Question

A particle released from a height s at certain height kinetic energy is 3 times its potential enerdy

Answer 1

as it is released from height S, its PE = m g S
Let x be the distance through which particle has travelled from the start
Then potential energy = m g (S - x)
By conservation of energy mg S - m g ( S-x) = m g x will be the KE
Given KE = 3 * PE 
So m g x = 3 m g ( S - x)
OR x = 3 S - 3 x
==> 4 x = 3 S
So x = 3/4 * S
Hence the height is S - 3/4 S = 1/4 * S 
Speed = v^2 = 2 g *3/4 S 
So v = (3/2 * g S)^1/2

Answer 2

Given question :-

A particle is released from a height S. At certain height its kinetic energy is three times its potential energy. The height and speed of the particle at that time are respectively

• $\frac{S}{4},\ \frac{3gs}{4}$
• $\frac{S}{4},\ \frac{\sqrt{3gs} }{4}$
• $\frac{S}{2},\ \frac{\sqrt{3gs} }{2}$
• $\frac{S}{4},\ \sqrt\frac{{3gs} }{2}$

Answer :-

D

Explanation :-

We can realize the situation as shown in fig 1. Let at point C distance x from highest point A, the particle's kinetic energy is three times its potential energy.

Velocity at C,

$\ \ \ \ \ v^2=0+2gh$

$\\or,\ v^2=2gh$ -----------(i)

Potential energy at C

$=mg(S-h)$ ----------(ii)

At point C,

$Kinetic\ energy = 3 \times potential\ energy\\i.e, \ \ \ \frac{1}{2}m\times 2gx=3\times mg(S-x)\\or, \ \ \ \ x=3S-3x\\or, \ \ \ \ 4x=3S\\or, \ \ \ \ S=\frac{4}{3} x\\or, \ \ \ \ x=\frac{3}{4}S$

Therefore, from Eq.(i)

$\ \ \ \ \ v^2=2g\times \frac{3}{4}S\\or,\ v^2=\frac{3}{2}gS\\or,\ v=\sqrt{\frac{3}{2} gS}$

Height of the particle from the ground

$=S-x=S-\frac{3}{4}S=\frac{S}{4}$

Theory :-

Work done by gravity :-

Gravitational potential energy is energy and object possesses because of its position in a gravitational field. The most common use of gravitational potential energy is for an object near the surface of the Earth where the gravitational acceleration can be assumed to be constant at about 9.8 m/s² per second square.
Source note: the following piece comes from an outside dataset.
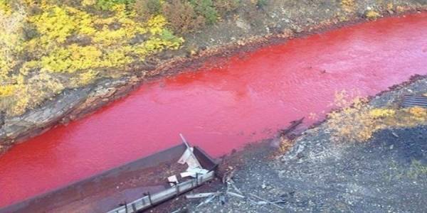 في روسيا... نهر يتحول ماؤه إلى لون الدم!!
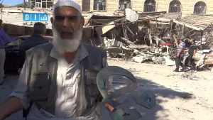 شام ريف ادلب سراقب كلمة لرجل مسن يتحدث القصف في أول ايام العيد 4 10 2014

Since the zero of gravitational potential energy can be chosen at any point (like the choice of the zero of a co-ordinate system) the potential energy at a height h above that point is equal to the work which would be required to lift the object to that height with no net change in kinetic energy. Since the force required to lift it is equal to its weight it follows that the gravitational potential energy is equal to its weight times height to which it is lifted.

The Work done by gravity formula is given by,

$W_g=-mg(\Delta h)$

where,

m is mass,

g is gravity

h is height

The negative sign indicates that the particle is falling from a height $\Delta h$ vertically in the direction of gravity.

Conservation of mechanical energy :-

According to the principle of conservation of mechanical energy, the mechanical energy of an isolated system remains constant in time, as long as the system is free of friction and other non-conservative forces. In any real situation frictional forces and other non-conservative forces are present, but in many cases their effects on the system are so small that the principle of conservation of mechanical energy can be used as a fair approximation. Though energy cannot be created or destroyed in an isolated system, it can be converted to another form of energy.